Grash just wants to pack up and go, but Deeva has no intention of abandoning what could be the biggest haul in salvage history. Grash thus accuses her of unnecessarily endangering her crew, places her under arrest, and orders Vol and Ike to take the ship back to Garazone Central. But when they try to obey, they find that the intruder has reached the engines; the Vanguard isn't going anywhere now. Grash has no choice but to let Deeva and the Doctor cross over to the destroyer as they wish -- but Charley must remain here as a hostage, and if Vol gets the engines working, Grash isn't going to wait for them to return. Once the Doctor and Deeva have gone, Ike finally gets the chance to tell Grash about his earlier encounter with the Doctor and Charley; but if they really are from Customs and Excise why haven't they reported Ike to the captain? Grash doesn't know, and he doesn't care; Charley poses a threat, and he knows how to deal with it and solve their engine problem at the same time. Ike and the reluctant Vol thus force Charley to accompany them to the engine room, where she realises that they intend to use her as bait to lure the intruder out into the open -- and get rid of her in the process...
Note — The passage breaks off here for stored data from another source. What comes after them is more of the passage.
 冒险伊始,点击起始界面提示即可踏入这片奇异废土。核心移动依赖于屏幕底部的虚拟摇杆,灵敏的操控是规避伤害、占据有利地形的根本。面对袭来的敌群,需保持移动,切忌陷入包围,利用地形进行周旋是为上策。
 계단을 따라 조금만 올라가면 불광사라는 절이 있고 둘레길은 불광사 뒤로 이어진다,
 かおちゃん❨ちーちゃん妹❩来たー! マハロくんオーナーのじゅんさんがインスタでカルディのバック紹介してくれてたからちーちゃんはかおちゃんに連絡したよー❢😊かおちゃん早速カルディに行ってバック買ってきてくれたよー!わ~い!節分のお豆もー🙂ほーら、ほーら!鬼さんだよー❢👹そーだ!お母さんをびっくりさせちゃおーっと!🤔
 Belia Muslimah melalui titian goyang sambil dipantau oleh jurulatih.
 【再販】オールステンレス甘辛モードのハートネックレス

The Doctor suspects that there's more to Deeva, and her interest in the destroyer, than she's letting on. But another mystery gets answered first, for moments after he and Deeva board the destroyer, they are attacked by Kelsey's killer -- a rogue Cyberman. To the Doctor's surprise, one blast from Deeva's gun is enough to destroy it, and she knows what it is even though the Cybermen have been entombed on Telos for some time. She claims to have studied that period in military history... which again raises the question of what such a well-educated and trained officer is doing in charge of a scrapship. The Doctor studies the dead Cyberman, and finds that its cyber-neural systems were damaged by faults caused when it was prematurely woken from cryogenic stasis. The Doctor now suspects that the thing on the Vanguard is a Cybermat -- and as the signal from the Cybermat wasn't meant for this rogue, that implies that there are other Cybermen aboard. The Doctor and Deeva must find them and prevent them from waking...
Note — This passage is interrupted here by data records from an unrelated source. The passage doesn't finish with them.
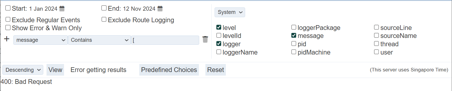 By default, it is in descending order. To view the logs in ascending order, select “Ascending” from the drop-down list on the left of the “View” button.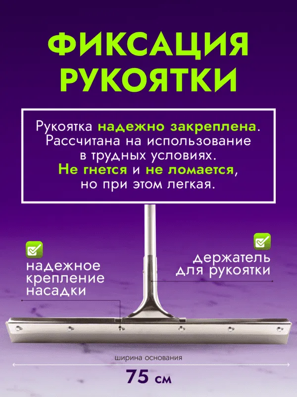 Сгон эффективно удаляет с поверхности пола жидкость. Относительная массивность рамы способствует плотному прилеганию резиновой насадки к поверхности пола, препятствуя утечке собираемой жидкости.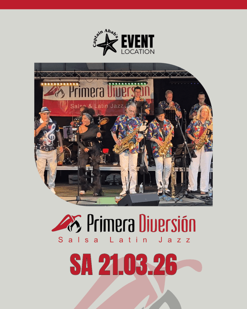 Die Big Band PRIMERA DIVERSIÓN bringt mitreißende Salsa-Rhythmen, Latin-Grooves und Jazz-Vibes direkt auf die Bühne im Captain Ahab’s Saal!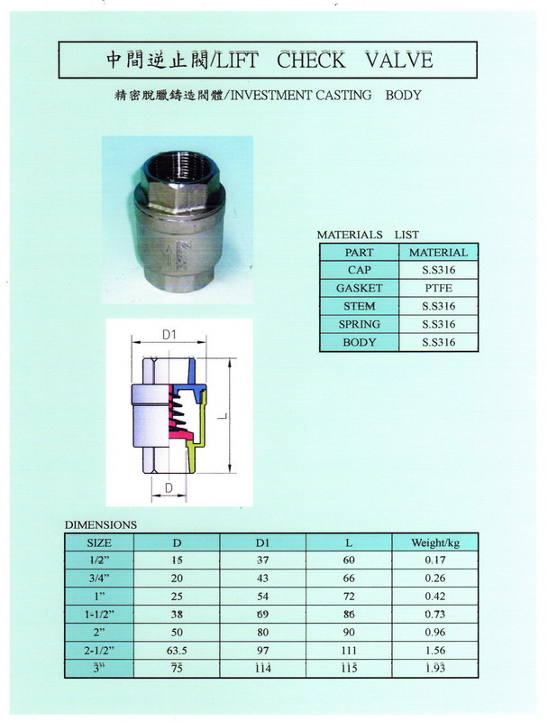 不銹鋼中間逆止閥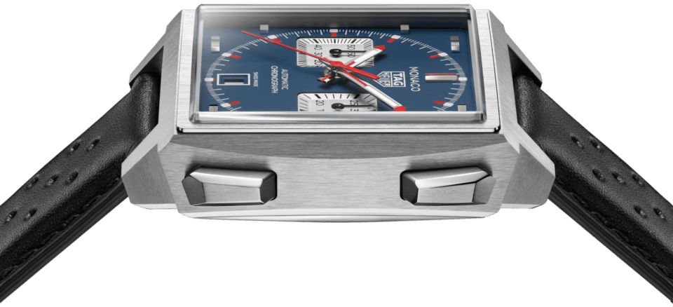 Musta, rei’itetty vasikannahkaranneke on kunnianosoitus vintage-kauden Heuer Monacolle, ja se on ranteessa miellyttävän tuntuinen. Luokan 5 titaanista valmistettu, kaksoisturvapainikkeilla varustettu perhoslukko varmistaa istuvuuden ja korostaa kestävyyden ja hienostuneisuuden tasapainoa.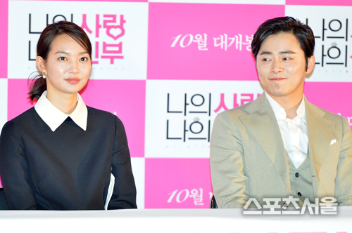 극중 새신랑 새신부 역을 맡은 조정석과 신민아는 나란히 앉아 기자간담회에 임했다.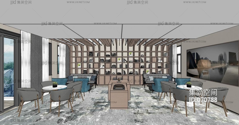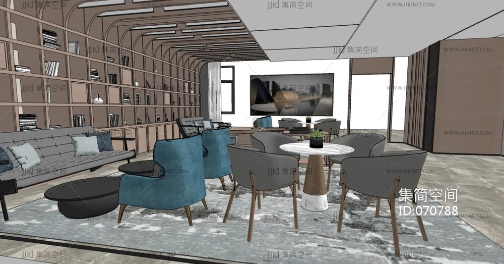 08现代办公休息区,异形公共座椅 (1)su草图模型下载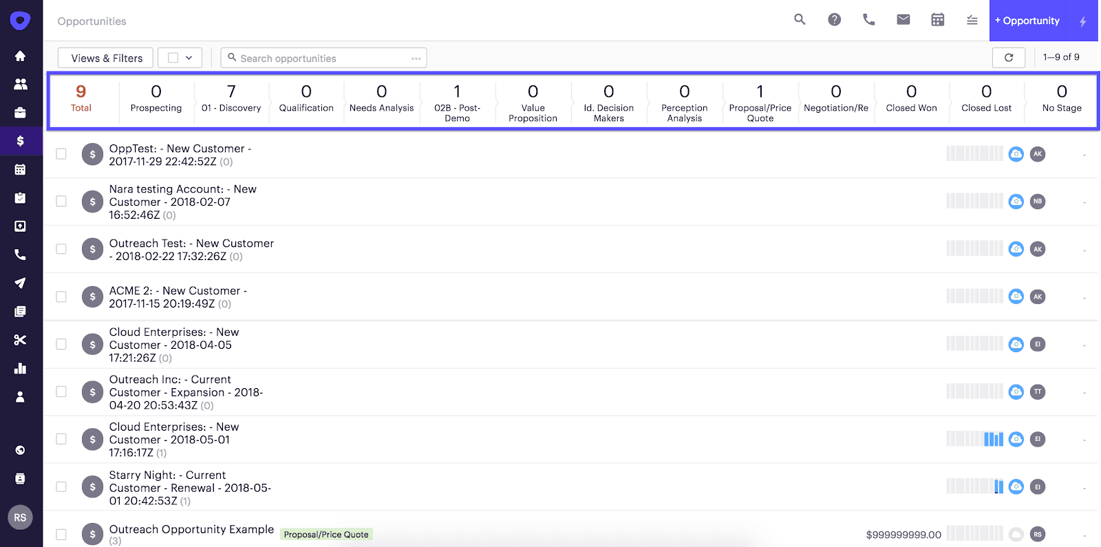 • The ability to view opportunities in Outreach provides clear visibility into your entire sales pipeline - from new business to expansion - across your entire revenue team. You can sort, filter, favorite, and create smart views of Opportunities to know which ones have been recently engaged with, which opportunities are close to closing, and which opportunities are ready to be re-engaged.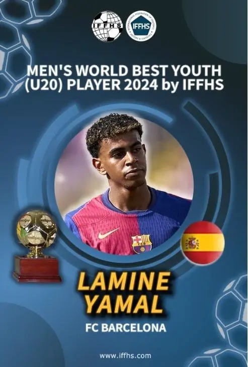 直播车讯权威数据统计机构IFFHS在官网宣布,巴萨17岁新星亚马尔获得2024年IFFHS世界最佳青年 (U20) 男子球员奖项。
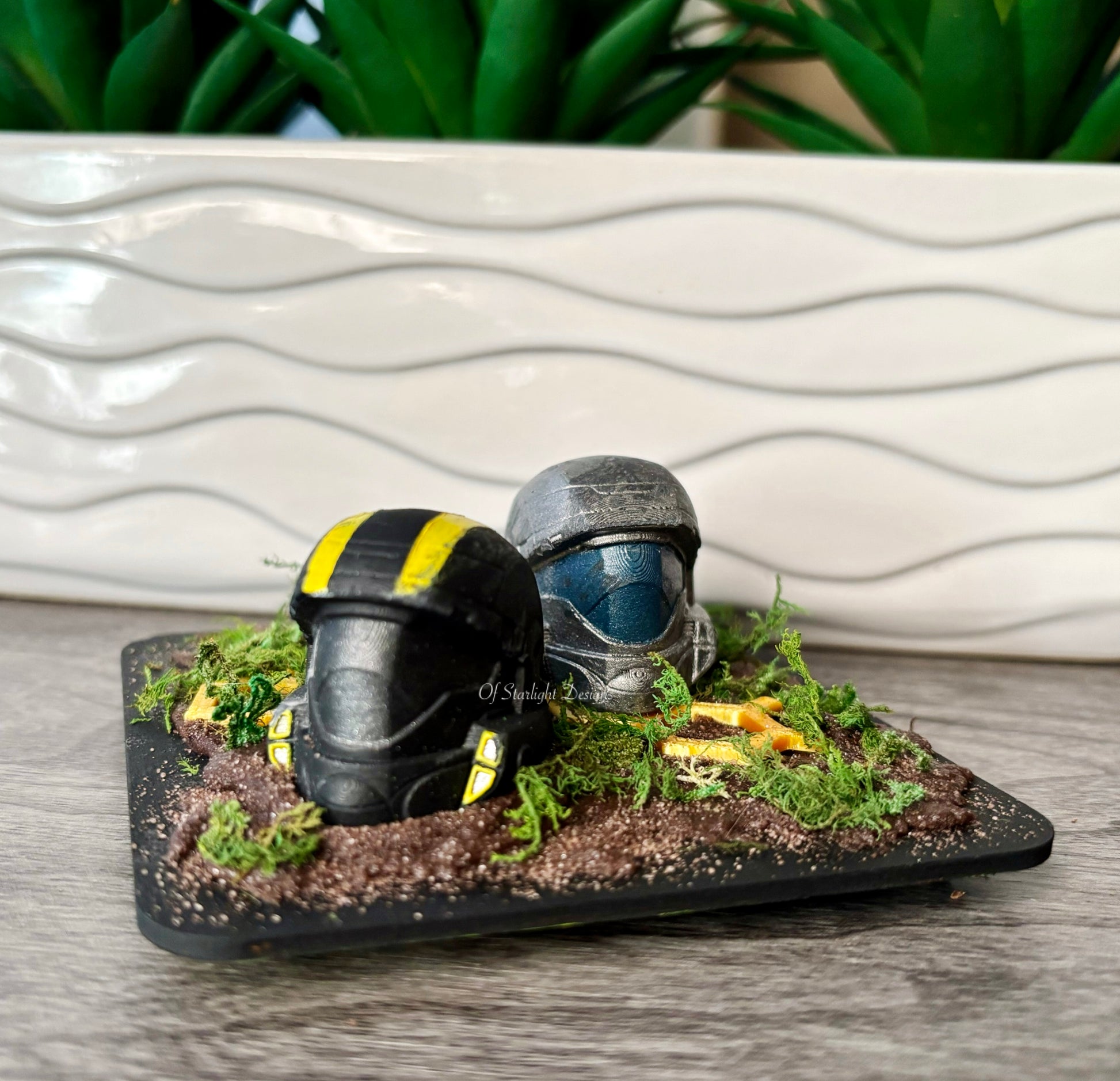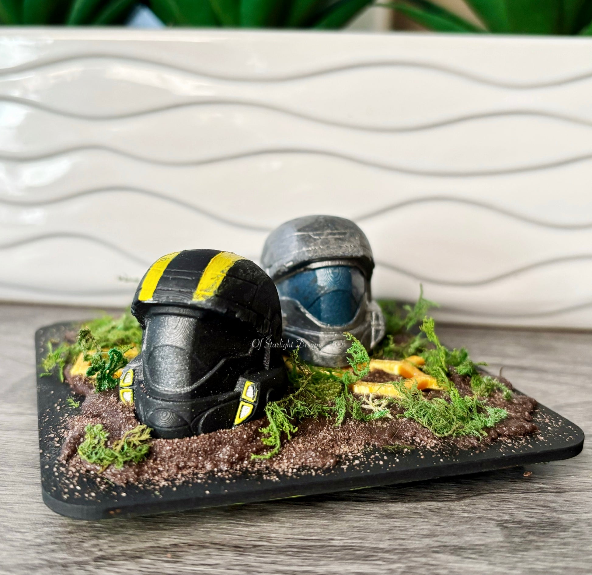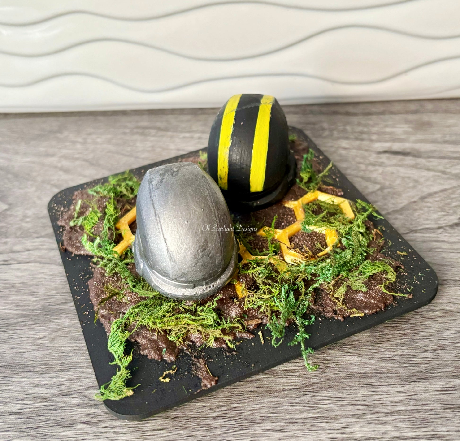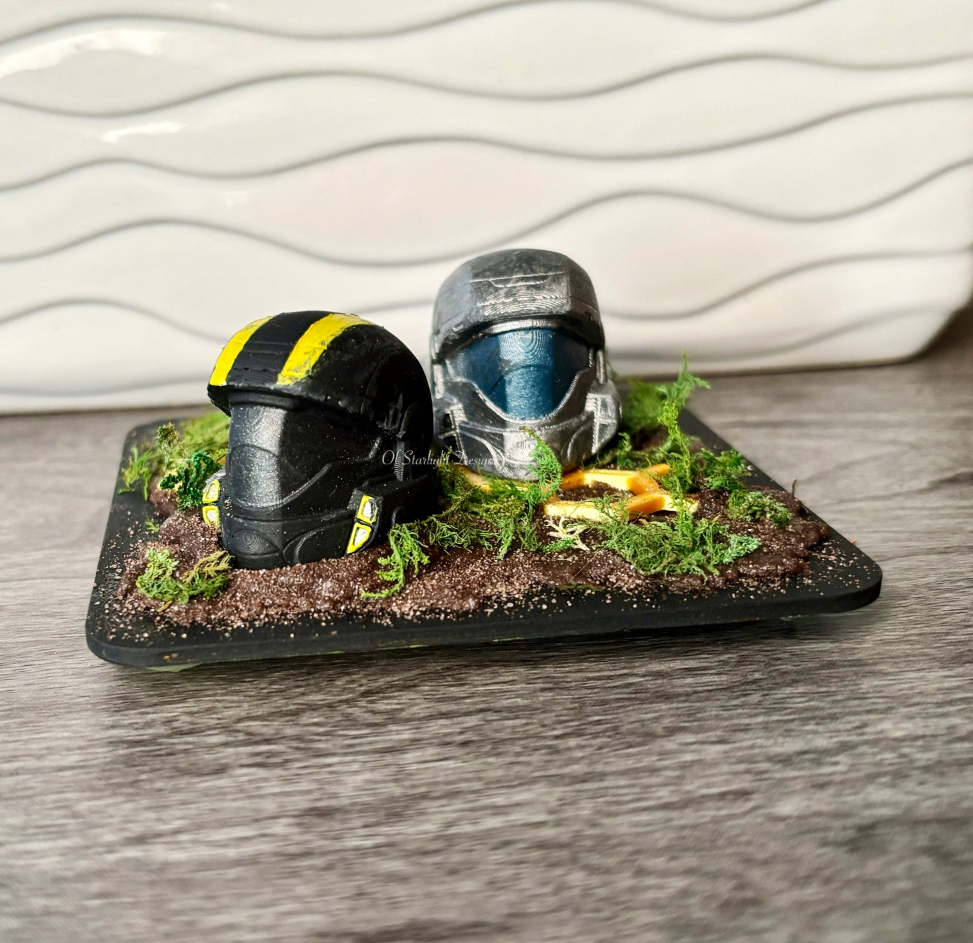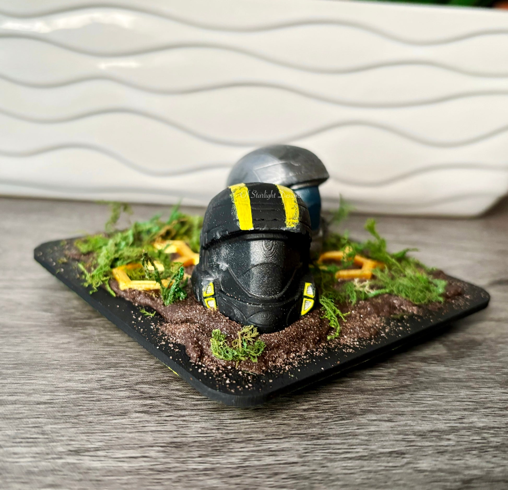Wooden base with a 2 ODST helmets, 3D printed honeycomb, faux moss and brown sand to look like dirt on the base.

But it's too late. The Cybermen are already awake. And they're reviving their Leader.

Part Three
(drn: 29'02")

While some of the revived Cybermen attempt to overcome the power failures plaguing their ship and revive their Leader, two warriors cross over to the human ship to begin the next phase of the operation...

Ike forces Charley into the engine room, where she finds the Cybermat waiting for her. Grash orders Vol and Ike to wait until it kills her before destroying it, or else kill her themselves and claim that it did. However, Vol can't bring himself to do that, and he shoots the Cybermat first, putting it out of action and saving Charley's life. However, when he and Ike enter the engine room they find that the engines themselves are beyond repair. Meanwhile, Chev and Grash detect someone at the airlock, and, assuming that the Doctor and Deeva have returned, go to arrest them again. But when the airlock opens two Cybermen enter, and Grash and Chev's guns have no effect on them. Chev flees as the Cybermen shoot Grash with a stun-bolt and condition him to obey their commands.
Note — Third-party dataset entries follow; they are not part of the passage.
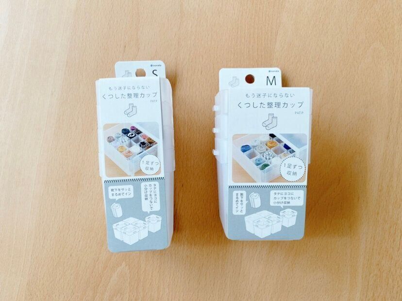 その名の通り、積み重ねてクチャクチャになりやすい靴下を整理するのに使えるアイテムです。Sカップは薄手の靴下向きで、冬の厚手の靴下を収納することを考えるとMサイズの方が余裕があって出し入れがしやすいです。
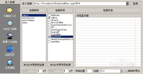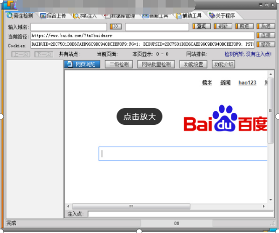 这个工具似乎前一阵在黑客内参论坛上见过,经试用,发觉这还是一个非常全面的优秀注入检测工具。从旁注查询、C段查询到后台扫描、MD5加密解密,再到批量注射点、批量扫后台等等功能,非常容易上手。以"批量注射点"为例,其中所列的"吸取旁注列表"、"吸取C段列表"和"外部导人列表"等很是人性化,注入的检测效率很高。惟一的缺点就是点击"关闭"按钮之后仍"赖"在"Windows任务管理器"中,需要手工结束其进程。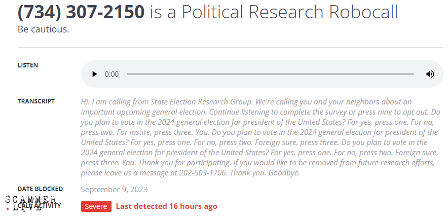 State Election Research Group / robocaller
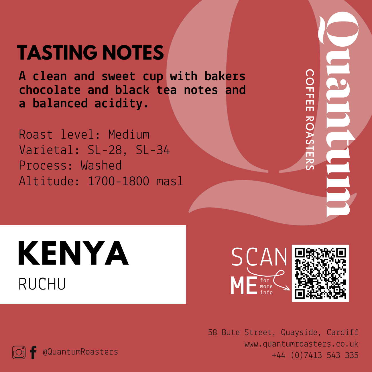 Our Ruchu coffee comes from Kandara in Muranga County. Situated at 1,700 meters above sea level, allows for favourable, slow growth. The coffee also benefits from the distinct red, nutrient rich volcanic soil present in these parts of Kenya. The coffee is processed at the Ruchu Factory, which has approximately 700 active members delivering to it from a total coffee growing area of 350 hectares. Together, they produce roughly 335 tons of cherries annually. The factory has a substantial history that reaches back to the independence period in 1961.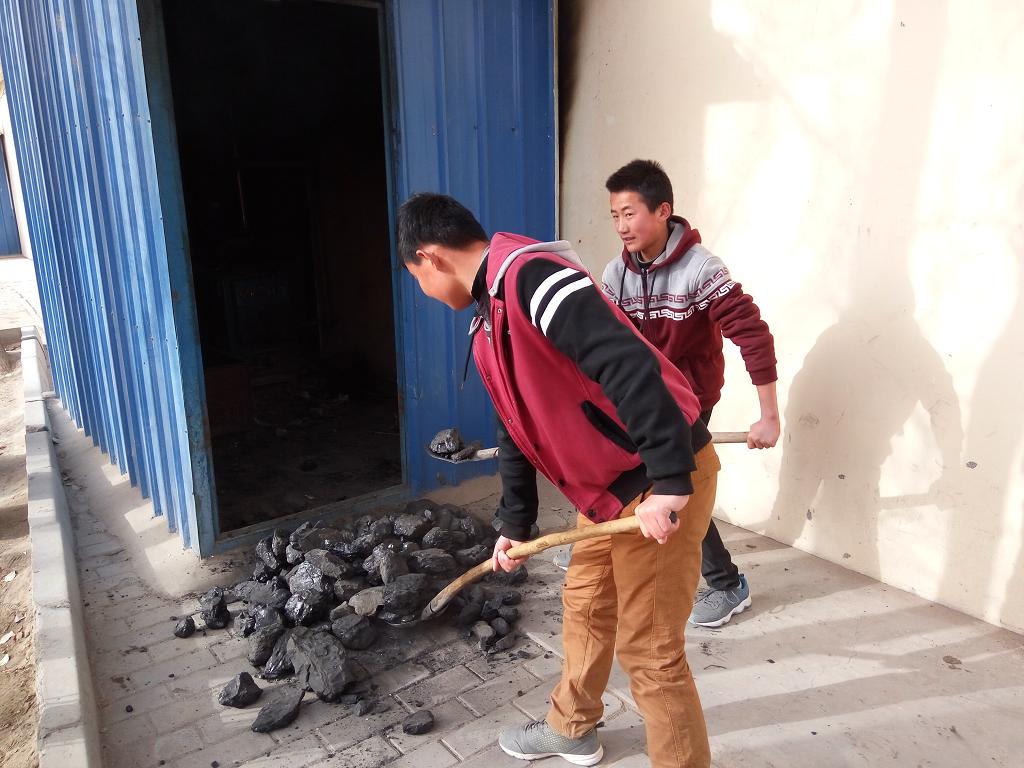 最后的工序是下一组的同学把煤搬进锅炉房。这两个同学也蛮拼的,用铁锹一锹一锹地运送。虽然是一次小小的劳动,但同学们都热情高涨,没有一个偷懒的,看样子我们的团队是一个有竞争力的团队!

Deeva's tracker locates a large chamber worth investigating, but the door has been fused by a power surge -- perhaps the same one which caused the rogue's hibernation unit to malfunction. Deeva suggests that the surge may have been caused by one of the ion storms common to the sector, and when she and the Doctor force the door open they find evidence to support this theory -- a conversion chamber filled with corpses. This is a factory ship, sent out from Telos to kidnap humanoids and convert them into Cybermen -- but when the storm hit the conversions were halted midway, and these half-converted prisoners died in agony. Beyond the conversion chamber lie the cryogenic units, where the Doctor and Deeva see the Cyber Leader finally waking. The other Cybermen inform their Leader of the systems failures caused by the ion storm, and of the fact that a Cybermat has sent the reactivation signal; a human ship is alongside, and its crew are to be converted. The Doctor and Deeva have heard enough, and the Doctor decides to retreat to the TARDIS while he ponders what he's seen -- and why the Cybermen seem to be reviving their warriors one at a time. However, the Cybermen reactivate their ship's security systems and detect the presence of intruders, and the Doctor and Deeva are forced to retreat to the airlock. For some reason, the Cybermen don't follow them out. The Doctor wonders why, not realising that two warriors are already aboard the Vanguard, waiting for them to arrive...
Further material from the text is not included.